A block $m_{1}$ strikes a stationary block $m_{3}$inelstically. Another block $m_{2}$ is kept on $m_{3}$. Neglecting the friction between all contacting surfaces, the fractional decrease of K. E. of the system in collision is

• A. $\frac{m_{1}}{m_{1} + m_{2} + m_{3}}$
• B. $\frac{m_{1}}{m_{2} + m_{3}}$
• C. $\frac{m_{3}}{m_{1} + m_{3}}$
• D. $\frac{m_{2} + m_{3}}{m_{1} + m_{2} + m_{3}}$

Answer 1

Answer: (C)

$\frac{m_{3}}{m_{1} + m_{3}}$

Answer 2

Since the impact between $m_{1}$and $m_{3}$ is inelastic, $m_{1}$and $m_{3}$ will move together towards right and $m_{2}$does not move due to the absence of friction.

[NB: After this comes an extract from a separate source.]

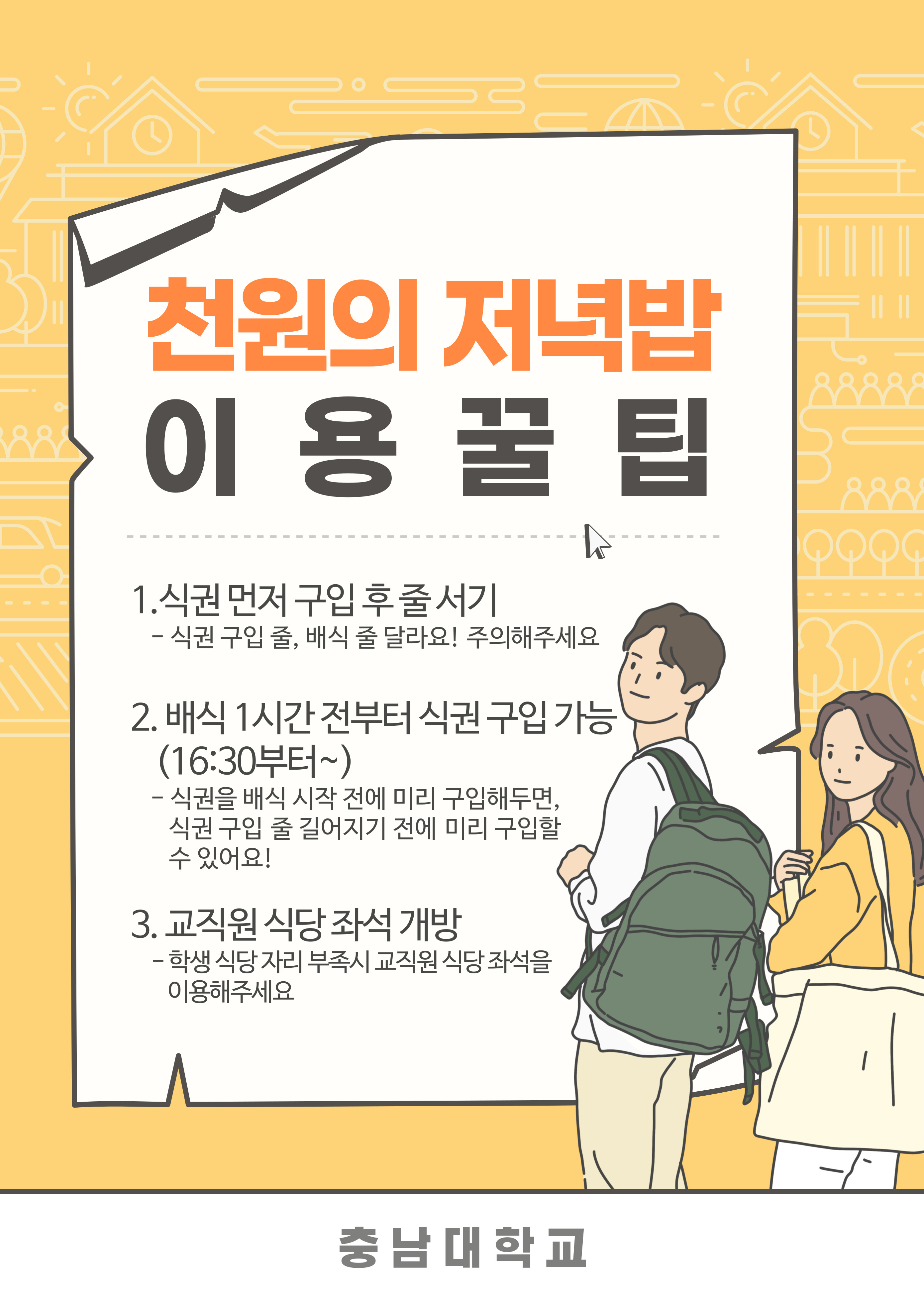 시험기간 시간과 여건 부족 등으로 인해 끼니를 거르는 학생들에게 저렴한 가격에 식사를 제공하고자 다음과 같이 「천원의 저녁밥」을 운영하오니, 각 기관 및 학과에서는 많은 학생들이 이용할 수 있도록 안내하여 주시기 바랍니다. 1. 운영기간: 2025. 10. 13.(월) ~ 10. 16.(목) 17:30 ~ 19:00 (석식) 2. 운영장소: 제2학생회관 학생식당 3. 운영내용: 개인부담 1,000원에 제공 (단가 4,000원 상당) 4. 배식메뉴: (월)짜장덮밥 / (화)부대찌개 / (수)참치김치덮밥 / (목)소고기볶음밥 5. 협조사항: [붙임1] 홍보물을 기관(단과대학) 및 학과 온․오프라인 게시판에 안내 붙임 1. 「천원의 저녁밥」 홍보물(시간․장소․메뉴 등) 1부. 끝. 2. 「천원의 저녁밥」 홍보물(이용꿀팁) 1부. 끝. |

The velocity of the combined mass = $v' = \frac{m_{1}v}{m_{1} + m_{3}}$

⇒ $\frac{|\Delta KE|}{KE} = \frac{\frac{1}{2}m_{1}v^{2} - \frac{1}{2}\left( m_{1} + m_{3} \right)v'^{2}}{\frac{1}{2}m_{1}v^{2}} = 1 - \left( \frac{m_{1} + m_{3}}{m_{1}} \right)\left( \frac{v'^{2}}{v} \right)$

$1 - \left( \frac{m_{1} + m_{3}}{m_{1}} \right)\left( \frac{m_{1}v}{m_{1} + m_{3}} \right)^{2} = 1 - \frac{m_{1}}{m_{1} + m_{3}} = \frac{m_{3}}{m_{1} + m_{3}}$